If she dared speak the truth, she could assure him of the goodness of the fisher-girl. But her lips sealed themselves with her soul's consent. She raised her face, giving Tess one look of terror. Reaching out, she touched her brother's arm.

"Frederick, come home with me. This is awful--awful!"

"I don't want to go home," sobbed the boy, in pitiful abandon. "I didn't know anything could be so hard to bear. And I loved her faith and her character--and her beautiful face.... Oh, I love her, I love her, Teola!"

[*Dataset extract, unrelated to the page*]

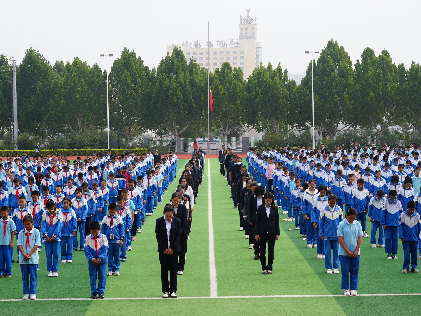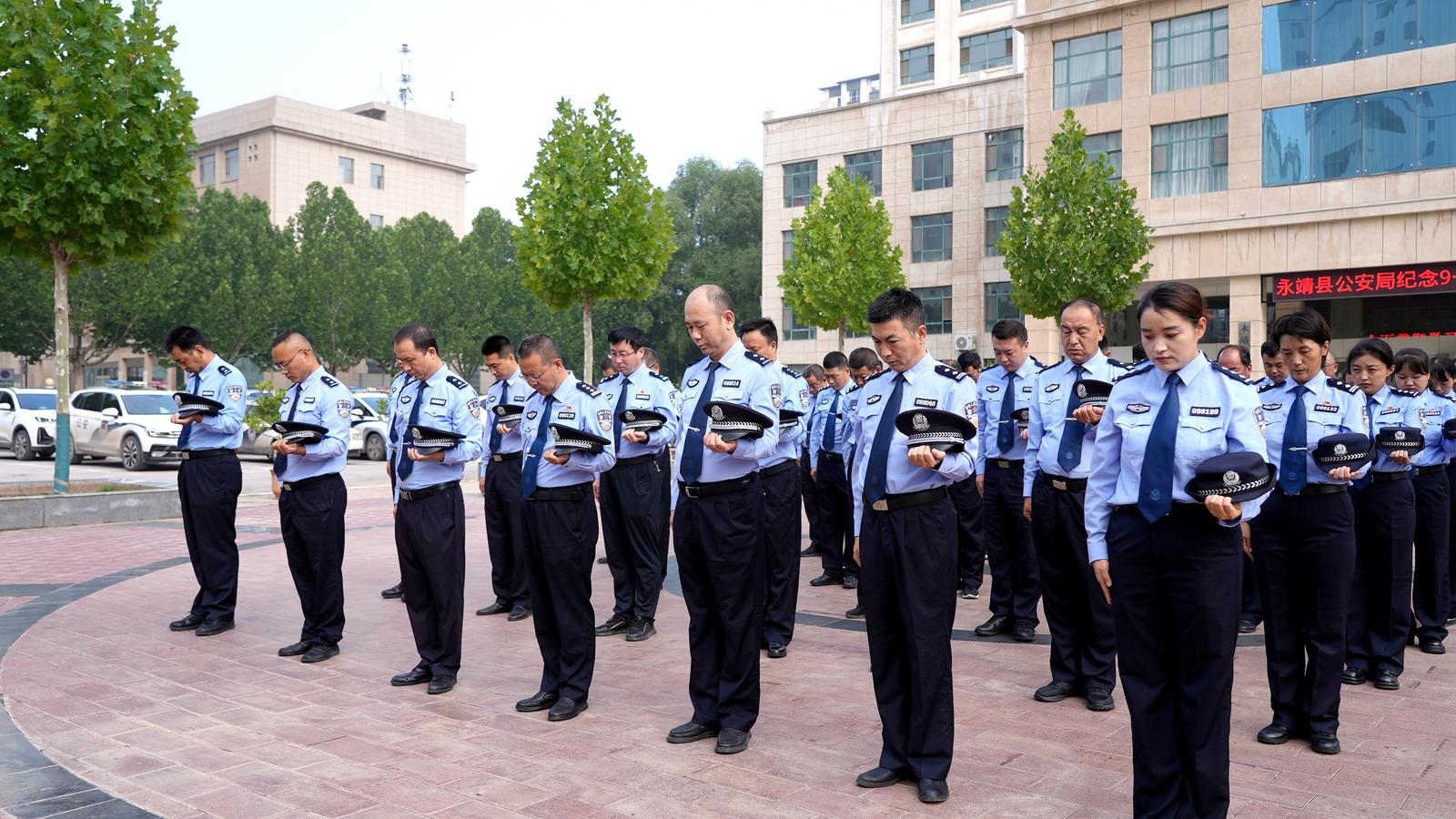 上午9时,随着防空警报声在永靖县上空响起,全县上下瞬间陷入肃穆之中。公安局全体班子成员及局机关各部门民警代表共计40余人,在公安局前广场集体默哀。这一刻,万籁俱寂,人群肃立,车辆鸣笛,以此哀悼在抗日战争中英勇牺牲的先烈和无辜遇难的同胞。

The squatter listened to every passionate word, listened until her face whitened into a despair that settled there and did not vanish. She had not moved from the wooden box, nor ceased pressing the half-clad infant to her breast. Turning, she shot a soul-cutting glance at the other girl, who owed her very life to her. The glance pleaded for the miserable boy by the stool, for the sick babe held close to her heart, and lastly, for herself, her squatter honor, and the powerful love she had for the student brother. From the depths of her eyes came a demand to Teola that she tell the truth. The answer was but a slight negative shake of the proudly-set head, followed by an embarrassment that Teola covered by leaning over her brother, and raising him from the floor. Frederick allowed his sister to lead him by the wooden box, past Tessibel to the door. His eyes traveled back to the open Bible upon the stool, where but a moment since his own dark head had rested. Then he laughed--laughed until the sharp sting of his tones made the fisher-girl grunt in her characteristic way.